European Union (EU) leaders met in Gothenburg, Sweden on November 16 and 17 to discuss jobs and growth within their continent. Talks quickly turned from the issue at hand to that of Brexit efforts, or lack thereof. Since the legitimization of Article 50, the legislation stating the UK’S intent to leave the EU, in parliament nearly eight months ago, Brexit efforts have struggled to reach the second stage of negotiations to leave the European Union. Issues raised include those of how much the UK will need to pay the EU upon its exit, the current border disputes between Northern Ireland and the Republic of Ireland, and the rights of EU citizens living in the UK and of UK citizens living across the EU (the only issue raised whose theoretical progress has been deemed sufficient).

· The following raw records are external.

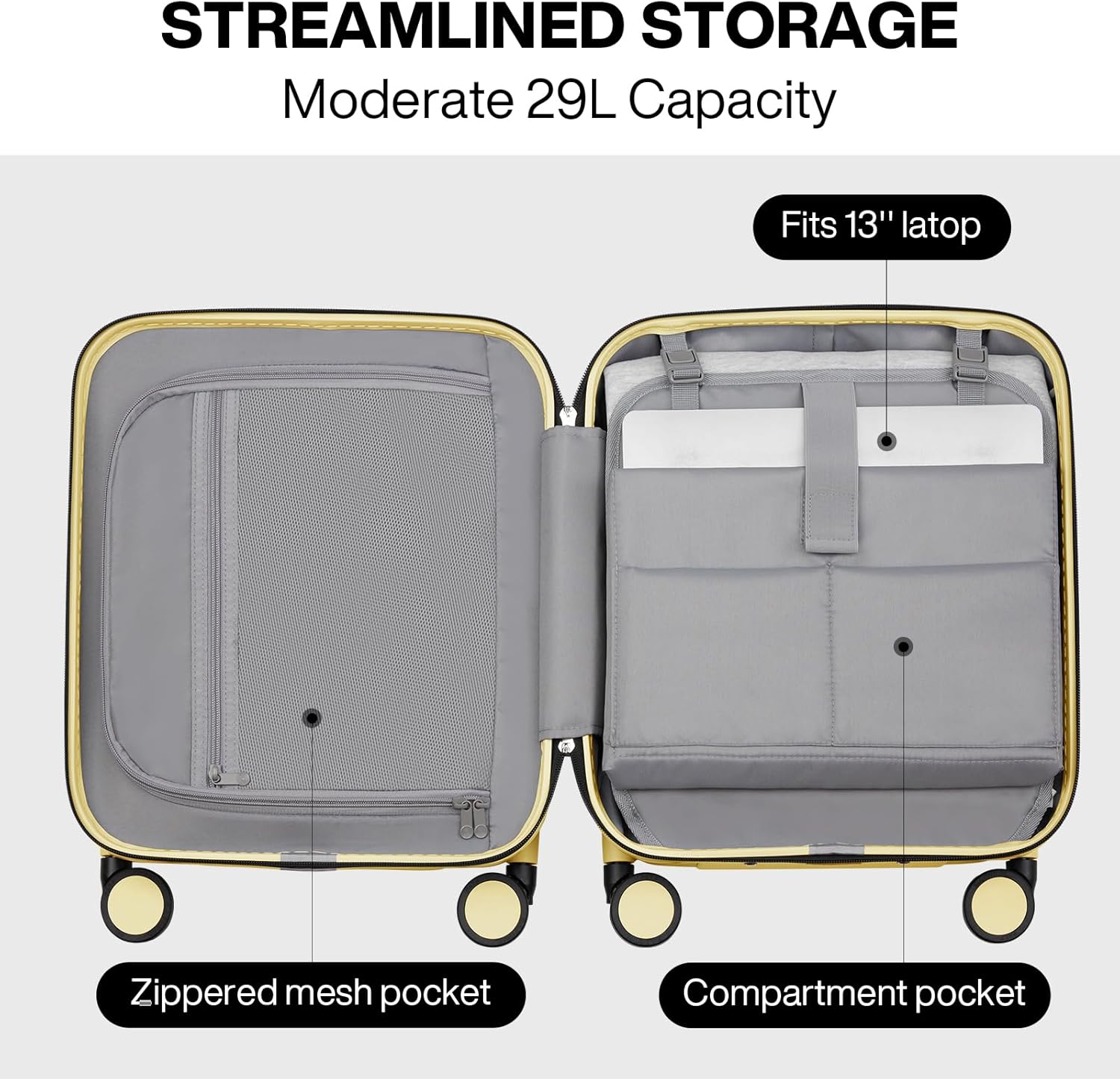 mixi Underseat Carry on Luggage 16 Inch Hardshell PC Suitcase with Spinner Wheels TSA Lock for Travel, Lark Yellow
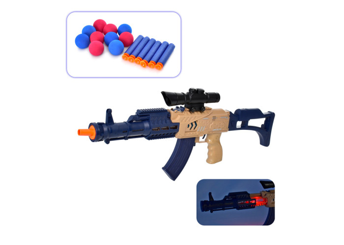 З цим бластером задоволення та тривалість спільної гри забезпечено! Бластер стане не лише ефектним, а й ефективним інструментом в ігрових битвах. За допомогою автомата ваш хлопчик зможе навчитися точно влучати в ціль. Він покращить свою влучність та координацію. Бластер виготовлений із міцного пластику насичених кольорів. Прекрасний подарунок активним дітям, - кулемет, стріляє м'якими кулями, що підійде як для гри вдома, так і на вулиці.
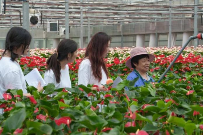 團隊前往園區內花卉生長基地,大片的紅掌展現出強大的生命力,調研小組了解到紅掌這種植物對于溫度比較敏感,適宜生長溫度為14℃-35℃;對于光照條件也有一定要求,需放置在明亮的陰蔽場所。

UK Prime Minister Theresa May has said the government is willing to pay more alimony than originally stated. Specu- lation puts the figure at £40 billion (C$67.7 billion), which is still less than the EU’S request for £60 billion (C$101.56 billion). Even if this new sum receives approval from the remaining 27 EU members, the border disputes with Ireland remain a dire matter.
An EU working paper states that trade trade rules must remain the same on both sides of the Irish border to avoid a hard border. This effectively requires Northern Ireland to remain in the customs union and single market, both things the UK government hopes to avoid when leaving the EU.
Without any sort of deal, the UK and would have to abide by the World Trade Organization’s regulations.
The UK has stated that it will uphold the Good Friday Agreement that decommissioned paramilitary groups, and opened the border between Ireland and Northern Ireland. Ireland, and citizen groups in Northern Ireland, have made it known that they will not accept a hard border on the island. Varadkar has stated that the Irish government will accept nothing less than a written promise on the surety of the Irish border.
Given the problem of the Irish border, it seems increasingly unlikely that Brexit talks wil move on to the second round at the EU council meeting on December 14 and 15. UK Brexit negotiator and finance secretary Philip Hammond is confident that he will have a proposal ready by that date. Should the proposal not be accepted, the UK has threatened to suspend negotiations until the EU is ready to take the UK’S proposals seriously. Suspending talks would further postpone the withdrawal process. meaning that the departure of the UK from the EU would be delayed until March 2019.